Given that the world is running virtually due to the COVID-19 pandemic, the ISC 2020 organizing committee, led by Keyes, set a precedent for the world's longest running supercomputing conference. The event was fully digital, with both live-streamed and pre-recorded events.

This year's event also witnessed a record registration of 4,735 specialists in high-performance computing (HPC).

"This demonstrates a comfortable migration of the computational community to the internet, which, in fact, is its own invention!" said Keyes. "Live conferences in which vendor exhibits are a critical part, such as ISC High Performance cannot be virtualized and will always have a niche. However, it seemed opportunistic in this year of the pandemic pause to not simply maintain a brand for existing participants but stake out a brand for new participants. This was part of our objective for Digital ISC 2020, and it is a very significant mandate, indeed!"

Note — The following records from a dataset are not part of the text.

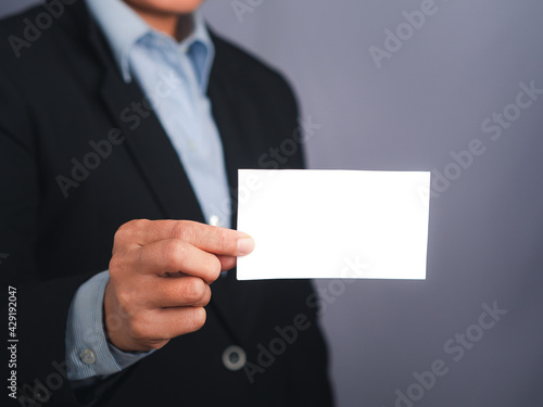 Businessman showing a blank white business card while standing with a gray background. Close-up photo. Space for text. Business and contact concept
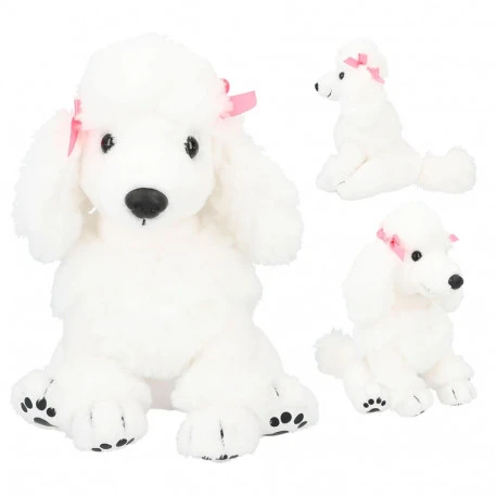 Supersüß und kuschelig weich: Der weiße Plüsch-Pudel Chanel hat schwarze Knopfaugen und an jedem Ohr ein rosa Schleifchen. Material: 100 Prozent Polyester.
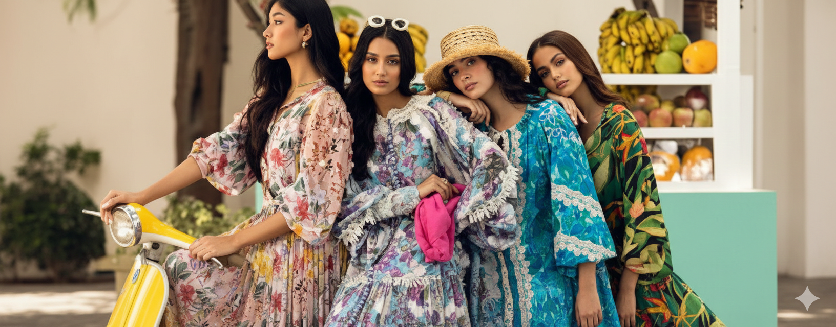 2-Piece Printed Lawn Unstitched Suit - Classic Blue & Pink Floral Design
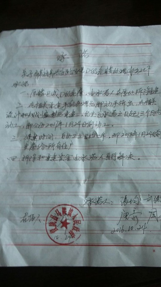 原楼已成D级危房,由承诺人在原址拆除重建,2017年1月24日前必须动工,2018年1月24日前交新房给所有住户,拆除和重建资金由承诺人自行解决。
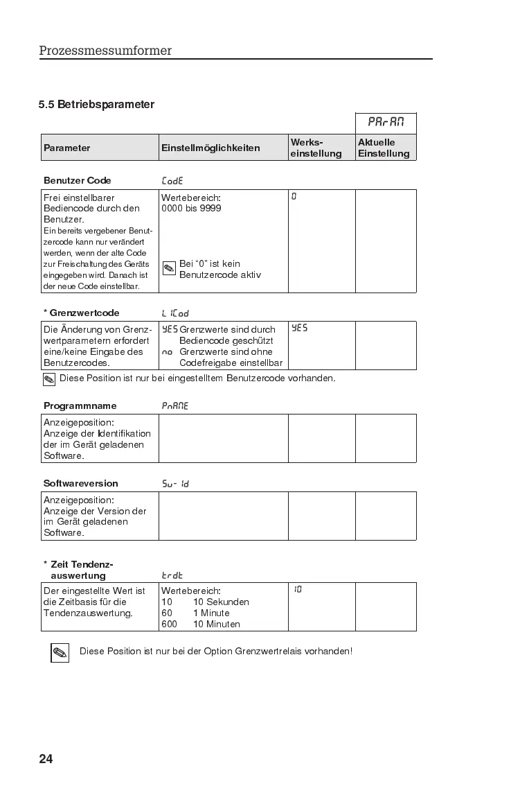 5.5 Betriebsparameter

The event gathered supercomputing experts from around the world to the opening award ceremony where the new Japanese supercomputer "Fugaku" (the Japanese name for Mount Fuji) took honors atop the TOP500, the Green500, the Graph 500, and the HPCG lists.

The research papers were already selected when the pandemic shutdown occurred and have been published in the usual proceedings. Though pre-recorded, they will be unveiled in program sequence.

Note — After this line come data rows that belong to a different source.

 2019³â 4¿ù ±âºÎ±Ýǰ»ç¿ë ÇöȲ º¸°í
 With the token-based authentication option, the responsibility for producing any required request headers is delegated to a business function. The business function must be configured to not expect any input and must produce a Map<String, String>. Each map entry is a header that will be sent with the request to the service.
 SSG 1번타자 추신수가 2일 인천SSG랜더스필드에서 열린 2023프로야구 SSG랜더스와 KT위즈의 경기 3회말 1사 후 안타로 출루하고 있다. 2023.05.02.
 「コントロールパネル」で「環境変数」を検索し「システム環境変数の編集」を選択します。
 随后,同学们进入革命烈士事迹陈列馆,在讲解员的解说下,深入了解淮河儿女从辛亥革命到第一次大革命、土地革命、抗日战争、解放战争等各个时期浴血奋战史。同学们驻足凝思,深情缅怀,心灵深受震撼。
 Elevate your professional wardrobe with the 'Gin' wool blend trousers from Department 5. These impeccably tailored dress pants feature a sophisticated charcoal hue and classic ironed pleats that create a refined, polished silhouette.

A highlight of the technical papers is a Saudi entry lead-authored by two KAUST Ph.D. students in Computer Science, Noha Al-Harthi and Rabab Al-Omairi. Their paper on computationally simulated acoustic scattering won the 2020 Gauss Award from the Gauss Center for Supercomputing in Germany for the top contribution to HPC among all papers submitted to the conference.

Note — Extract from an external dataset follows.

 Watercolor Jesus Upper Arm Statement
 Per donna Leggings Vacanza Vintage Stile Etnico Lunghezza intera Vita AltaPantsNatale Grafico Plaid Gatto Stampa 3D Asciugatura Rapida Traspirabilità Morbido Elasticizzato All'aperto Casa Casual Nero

A special session of ISC 2020 Digital was devoted to the global mobilization of supercomputing to mitigate the threats of the COVID-19 pandemic. The KAUST Shaheen II Cray supercomputer is one of the dozens from around the world engaged in fighting the pandemic. Shaheen II is serving cycles to nine projects by in-Kingdom research teams at five universities.

By going digital rather than skipping a year, ISC in its 35th year, remains the longest continuously running conference dedicated to advancing the science, technology, applications, ecosystem, and art of high-performance computing.

Keyes is the first ISC chair from a Middle Eastern institution. He previously chaired the technical program of the US-based counterpart Supercomputing Conference (SC), which draws over 13,000 physical participants, in 2018.